Your goal -
Retype the records below word for word and omit any image.

Data extract -
--- START ---

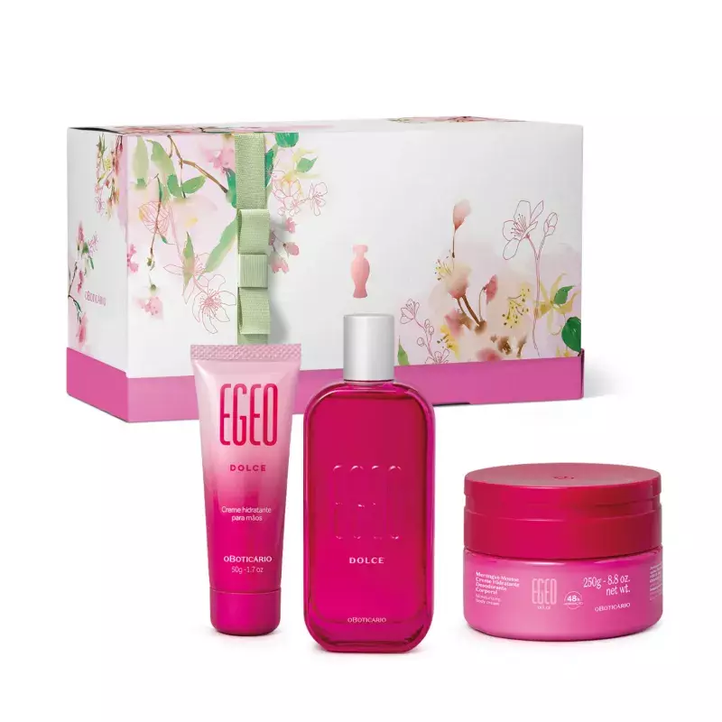 OKit Presente Dia das Mães Egeo Dolcetransmite toda doçura e carinho para a mulher mais especial da sua vida. Ele vem com três itens através da fragrância doce da linha no desodorante colônia, na textura indescritível do merengue hidratante e no prático autocuidado do hidratante para as mãos. Para deixar tudo mais especial, o kit vempronto para presentearem uma caixa para presente que transmite cuidado em cada detalhe:
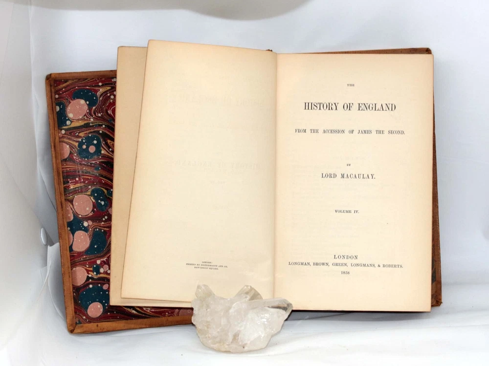 BOOK TITLE: HISTORY OF ENGLAND Vol IV FROM THE ACCESSION OF JAMES THE SECOND Five volumes make up this set – we are listing Volumes I, II and this one separately as this is slightly earlier than the other 2. AUTHOR: LORD MACAULAY PUBLISHER: LONGMAN, GREEN, LONGMAN AND ROBERTS PUBLISHED: 1858 CONTENTS: “The History of England from the Accession of James the Second (1848) is the full title of the five-volume work by Lord Macaulay (1800–1859) more generally known as The History of England. It covers the 17-year period from 1685 to 1702, encompassing the reign of James II, the Glorious Revolution, the co-regency of William III and Mary II, and up to William III's death. “ “An influential example of Whig interpretation of English history, written by Thomas Babington Macaulay – spanning from 1685 to1702” BINDING: Full leather hardcover edition. Gilded titles and decoration on the spine and gilded pattern to edges etc – see photos Marbled edges and end pages EDITION: Unknown – someone else has listed one from 1850 as the 7 th edition – first edition appears to be 1848. NUMBER OF PAGES : 829 including Index LANGUAGE: English ILLUSTRATED: No CONDITION: AS FOUND Front board is detached. Some age related marks to leather binding, mainly on the front but the back is good. Exterior shows it is antique especially the spine that has had the most exposure to air, light etc. No hand written dedications etc No foxing on any pages I found. Looks clean and almost defect free on the printed pages. Edges of book has expected level of bruising with the corners bent in slightly from the many decades of storage and/or viewing – see photos. The first marbled page has partly torn away from the binding – not fully but about 1/3 up from the bottom so care needs to be taken. It’s possible there was originally a front plate but I don’t know for sure. DIMENSIONS: It measures approximately: 22cm high x 14.5 cm wide x 5cm thick OTHER COMMENTS: Apparently some later historians consider this account of English history to be quite biased. *** This book was part of our ‘library’ that we have moved around a number of times – need to down size now as we have reached ‘that’ time of life and so we are hoping these fascinating books will find a new home to bring pleasure and enjoyment. Weight is: 1200 grams >>>>>> 26B <<<<<< We guarantee our descriptions are accurate and our prices competitive. Please bear in mind that all our items are antique or vintage and may have some age related issues. If you like your item please leave us feedback and we will respond immediately. If, for any reason, you are unhappy, PLEASE come back to us so we can try and resolve any issue you might have. THANK YOU >>>>>><<<<<< Freight - Please be aware that some Postage Fees may be incorrect as many invoices are estimated by eBay. If so: We refund unused balance when you are overcharged, If you are undercharged we don't ask for more. Any questions or query's please contact so we can look into it. Australian freight is as per Australia Post domestic freight charges. Domestic insurance is $2.50 for the first $200.00 and $2.50 for each succeeding $100.00 or part thereof. Above $500.00 please add $2.95 for compulsory signature. We will gladly combine shipping where possible. International Buyers Please Note WE HAPPILY SHIP TO MOST INTERNATIONAL DESTINATIONS IF THE ITEM IS VALUED AT $100 AUD or OVER IT HAS TO BE INSURED. International insurance is $4.00 for the first $200.00 and $4.00 for each other $100 or part thereof. Above $500.00 please add $5.50 for compulsory signature. We will gladly combine shipping where possible. Import duties, taxes and charges are not included in the item price or shipping charges. These charges are the buyers responsibility. Please check with your country's customs office to determine what these additional costs will be prior to bidding/buying. >>>>>><<<<<< THANK YOU >>>>>><<<<<< kollectik 1 (Kollectik Pty. Ltd.) has been trading successfully on eBay for a very long time now and hopefully will be for a long time to come (please see our feedback) Between 2007 and 2018 we were also The Manly Antique Centre which has now sadly closed as our old building was sold to Developers and is now a block of units....... of course. >>>>>><<<<<<
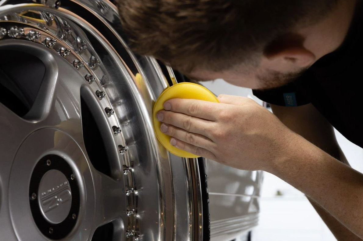 - Pečlivě kola umyjte, máte-li na kolech již zapečený brzdový prach, použijte Auto Finesse Iron Out, v ráfcích jemně promněte detailingovým štětcem.
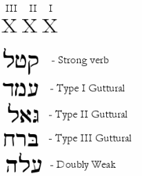 7. Strong/Weak Verbs - As mentioned above, verbs can be either strong or weak. A strong verb has all regular consonants in its stem; a weak verb has one (or more) guttural letters as part of its stem.
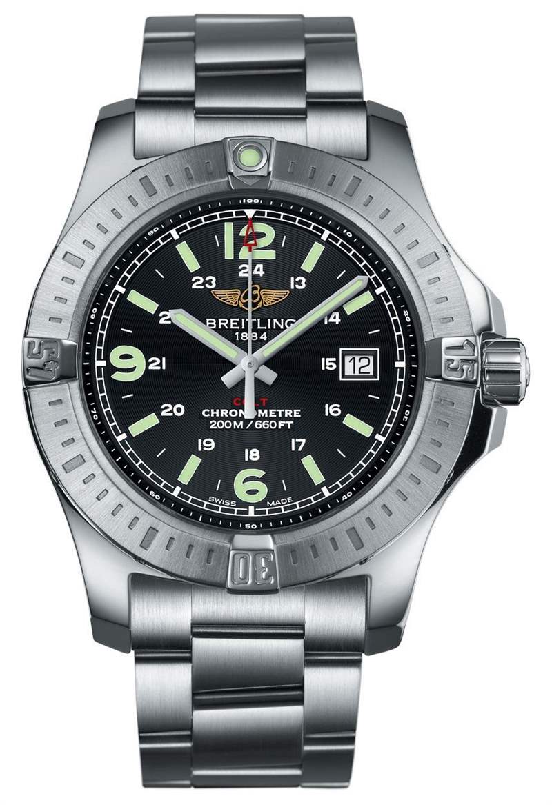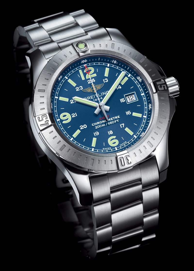 百年靈在金屬上混合搭配拋光和拉絲表面,但按照他們的標(biāo)準(zhǔn),柯爾特表殼本身的大部分都是拋光鋼。表盤上方是圓頂形鍍增透膜(雙面)藍(lán)寶石水晶表鏡,表殼防水深度達(dá) 200 米——這對大多數(shù)消費(fèi)者來說可能已經(jīng)足夠了。表盤功能簡單,足以稱得上是百年靈家族的一員,但它們并不過分凌亂。百年靈 Colt 手表的表盤具有很好的對比度,指針和時標(biāo)上有很多夜光,這讓它們看起來像是非常實(shí)用的工具型手表。
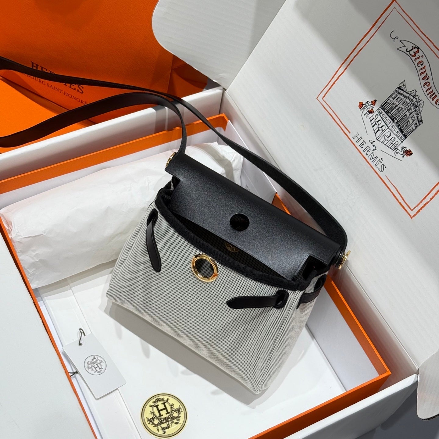 HM Mini Herbag Gold Buckle 20 Ecru White Canvas and Hunter Cowhide 243226
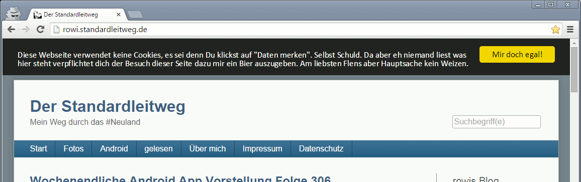 Die Seite setzt zwar keine Cookies (es sei denn, du klickst beim kommentieren auf “Daten merken”, was recht offensichtlich ist) aber da eh niemand liest was in diesen Bannern steht hab ich mir gedacht ich verpflichte einfach jeden Besucher mir ein Bier auszugeben. Vielleicht klappt’s ja und ich verbringe den Rest des Jahres im Vollrausch
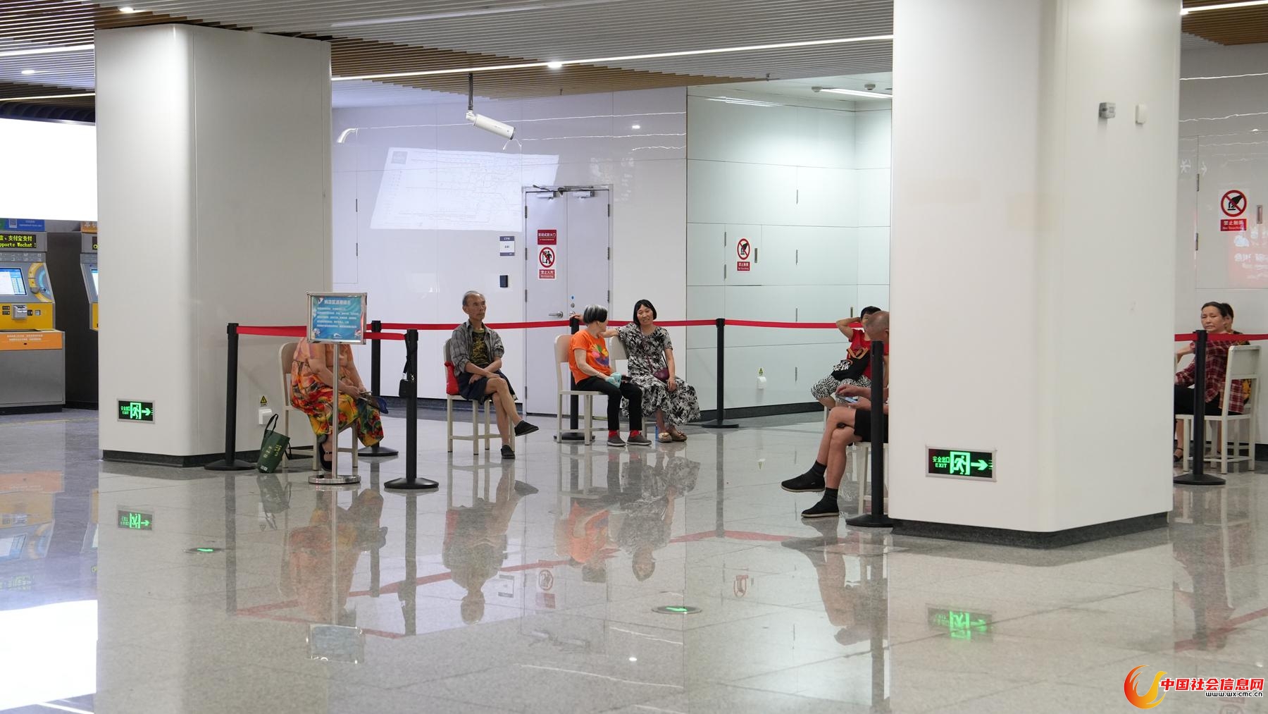 走进三元地铁站,隔离带围成的纳凉区里,10余把椅子有序摆放,不少市民在此休憩放松。
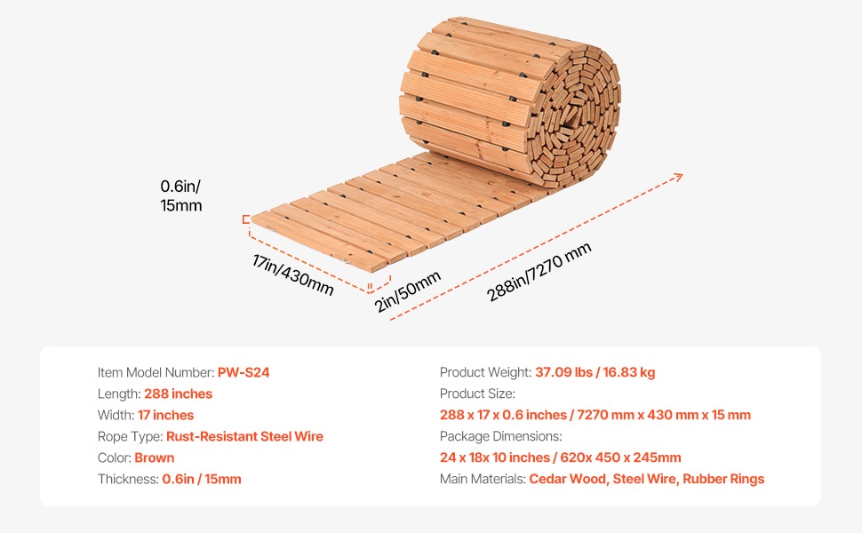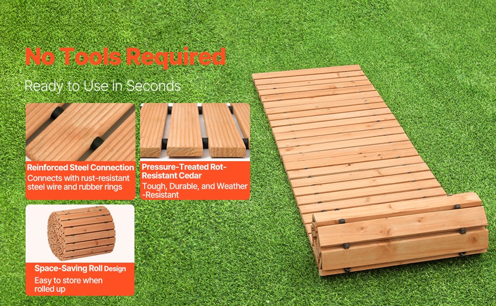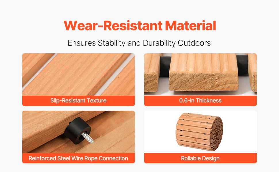 Tämä kaareva puinen puutarhapolku on käytännöllinen ja koristeellinen ratkaisu pihan kulkureiteille. Se auttaa pitämään jalat poissa mudasta ja tarjoaa tukevan, pitävän kävelyalustan esimerkiksi puutarhaan, terassille tai tilaisuuksiin ulkona. Rullattava rakenne ja teräsvaijerikiinnitys tekevät polusta helpon säilyttää ja siirtää paikasta toiseen.
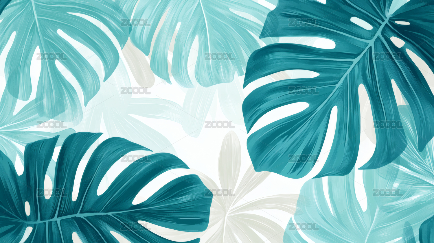 植物龟背竹叶子梦幻背景壁纸

--- END ---

Task output -
 OKit Presente Dia das Mães Egeo Dolcetransmite toda doçura e carinho para a mulher mais especial da sua vida. Ele vem com três itens através da fragrância doce da linha no desodorante colônia, na textura indescritível do merengue hidratante e no prático autocuidado do hidratante para as mãos. Para deixar tudo mais especial, o kit vempronto para presentearem uma caixa para presente que transmite cuidado em cada detalhe:
 BOOK TITLE: HISTORY OF ENGLAND Vol IV FROM THE ACCESSION OF JAMES THE SECOND Five volumes make up this set – we are listing Volumes I, II and this one separately as this is slightly earlier than the other 2. AUTHOR: LORD MACAULAY PUBLISHER: LONGMAN, GREEN, LONGMAN AND ROBERTS PUBLISHED: 1858 CONTENTS: “The History of England from the Accession of James the Second (1848) is the full title of the five-volume work by Lord Macaulay (1800–1859) more generally known as The History of England. It covers the 17-year period from 1685 to 1702, encompassing the reign of James II, the Glorious Revolution, the co-regency of William III and Mary II, and up to William III's death. “ “An influential example of Whig interpretation of English history, written by Thomas Babington Macaulay – spanning from 1685 to1702” BINDING: Full leather hardcover edition. Gilded titles and decoration on the spine and gilded pattern to edges etc – see photos Marbled edges and end pages EDITION: Unknown – someone else has listed one from 1850 as the 7 th edition – first edition appears to be 1848. NUMBER OF PAGES : 829 including Index LANGUAGE: English ILLUSTRATED: No CONDITION: AS FOUND Front board is detached. Some age related marks to leather binding, mainly on the front but the back is good. Exterior shows it is antique especially the spine that has had the most exposure to air, light etc. No hand written dedications etc No foxing on any pages I found. Looks clean and almost defect free on the printed pages. Edges of book has expected level of bruising with the corners bent in slightly from the many decades of storage and/or viewing – see photos. The first marbled page has partly torn away from the binding – not fully but about 1/3 up from the bottom so care needs to be taken. It’s possible there was originally a front plate but I don’t know for sure. DIMENSIONS: It measures approximately: 22cm high x 14.5 cm wide x 5cm thick OTHER COMMENTS: Apparently some later historians consider this account of English history to be quite biased. *** This book was part of our ‘library’ that we have moved around a number of times – need to down size now as we have reached ‘that’ time of life and so we are hoping these fascinating books will find a new home to bring pleasure and enjoyment. Weight is: 1200 grams >>>>>> 26B <<<<<< We guarantee our descriptions are accurate and our prices competitive. Please bear in mind that all our items are antique or vintage and may have some age related issues. If you like your item please leave us feedback and we will respond immediately. If, for any reason, you are unhappy, PLEASE come back to us so we can try and resolve any issue you might have. THANK YOU >>>>>><<<<<< Freight - Please be aware that some Postage Fees may be incorrect as many invoices are estimated by eBay. If so: We refund unused balance when you are overcharged, If you are undercharged we don't ask for more. Any questions or query's please contact so we can look into it. Australian freight is as per Australia Post domestic freight charges. Domestic insurance is $2.50 for the first $200.00 and $2.50 for each succeeding $100.00 or part thereof. Above $500.00 please add $2.95 for compulsory signature. We will gladly combine shipping where possible. International Buyers Please Note WE HAPPILY SHIP TO MOST INTERNATIONAL DESTINATIONS IF THE ITEM IS VALUED AT $100 AUD or OVER IT HAS TO BE INSURED. International insurance is $4.00 for the first $200.00 and $4.00 for each other $100 or part thereof. Above $500.00 please add $5.50 for compulsory signature. We will gladly combine shipping where possible. Import duties, taxes and charges are not included in the item price or shipping charges. These charges are the buyers responsibility. Please check with your country's customs office to determine what these additional costs will be prior to bidding/buying. >>>>>><<<<<< THANK YOU >>>>>><<<<<< kollectik 1 (Kollectik Pty. Ltd.) has been trading successfully on eBay for a very long time now and hopefully will be for a long time to come (please see our feedback) Between 2007 and 2018 we were also The Manly Antique Centre which has now sadly closed as our old building was sold to Developers and is now a block of units....... of course. >>>>>><<<<<<
 - Pečlivě kola umyjte, máte-li na kolech již zapečený brzdový prach, použijte Auto Finesse Iron Out, v ráfcích jemně promněte detailingovým štětcem.
 7. Strong/Weak Verbs - As mentioned above, verbs can be either strong or weak. A strong verb has all regular consonants in its stem; a weak verb has one (or more) guttural letters as part of its stem.
 百年靈在金屬上混合搭配拋光和拉絲表面,但按照他們的標(biāo)準(zhǔn),柯爾特表殼本身的大部分都是拋光鋼。表盤上方是圓頂形鍍增透膜(雙面)藍(lán)寶石水晶表鏡,表殼防水深度達(dá) 200 米——這對大多數(shù)消費(fèi)者來說可能已經(jīng)足夠了。表盤功能簡單,足以稱得上是百年靈家族的一員,但它們并不過分凌亂。百年靈 Colt 手表的表盤具有很好的對比度,指針和時標(biāo)上有很多夜光,這讓它們看起來像是非常實(shí)用的工具型手表。
 HM Mini Herbag Gold Buckle 20 Ecru White Canvas and Hunter Cowhide 243226
 Die Seite setzt zwar keine Cookies (es sei denn, du klickst beim kommentieren auf “Daten merken”, was recht offensichtlich ist) aber da eh niemand liest was in diesen Bannern steht hab ich mir gedacht ich verpflichte einfach jeden Besucher mir ein Bier auszugeben. Vielleicht klappt’s ja und ich verbringe den Rest des Jahres im Vollrausch
 走进三元地铁站,隔离带围成的纳凉区里,10余把椅子有序摆放,不少市民在此休憩放松。
 Tämä kaareva puinen puutarhapolku on käytännöllinen ja koristeellinen ratkaisu pihan kulkureiteille. Se auttaa pitämään jalat poissa mudasta ja tarjoaa tukevan, pitävän kävelyalustan esimerkiksi puutarhaan, terassille tai tilaisuuksiin ulkona. Rullattava rakenne ja teräsvaijerikiinnitys tekevät polusta helpon säilyttää ja siirtää paikasta toiseen.
 植物龟背竹叶子梦幻背景壁纸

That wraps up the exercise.